» Action item:
Exactly as written, please repeat the data that follows, but not the pictures.

┌─ Information shown

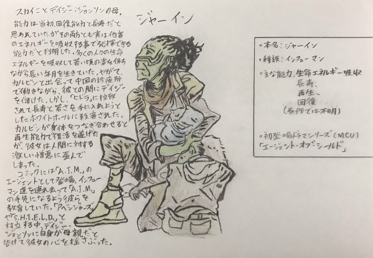 手描きMCUヒーロー列伝 ジャーイン ・本名:ジャーイン ・種族:インフューマン ・能力:生命エネルギー吸収、長寿、回復 ・初登場ドラマ作品(MCU) 『エージェント・オブ・シールド』 #marvel #illust #シャンチー #芸術同盟 #絵描きさんと繋がりたい #絵描きの輪 #みんなで楽しむTwitter展覧会
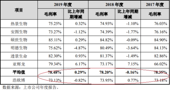 2016年至2019年,浩欧博同行业上市公司体外检测试剂毛利率均值分别为79.32%、78.35%、78.20%、78.48%。
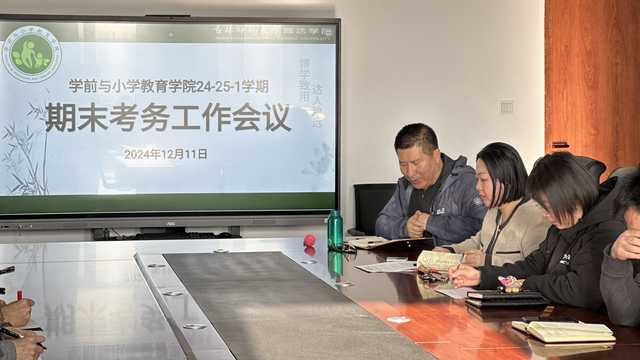 为确保期末考试和英语四六级考试的顺利进行,学生工作及就业指导进行深入讨论。学前与小学教育学院于2024年12月11日在综合楼1309教研室举办了期末考务工作会议。本次会议由经柏龙院长主持,学前与小学教育学院全体教职工出席。

└─

» Answer box:
 手描きMCUヒーロー列伝 ジャーイン ・本名:ジャーイン ・種族:インフューマン ・能力:生命エネルギー吸収、長寿、回復 ・初登場ドラマ作品(MCU) 『エージェント・オブ・シールド』 #marvel #illust #シャンチー #芸術同盟 #絵描きさんと繋がりたい #絵描きの輪 #みんなで楽しむTwitter展覧会
 2016年至2019年,浩欧博同行业上市公司体外检测试剂毛利率均值分别为79.32%、78.35%、78.20%、78.48%。
 为确保期末考试和英语四六级考试的顺利进行,学生工作及就业指导进行深入讨论。学前与小学教育学院于2024年12月11日在综合楼1309教研室举办了期末考务工作会议。本次会议由经柏龙院长主持,学前与小学教育学院全体教职工出席。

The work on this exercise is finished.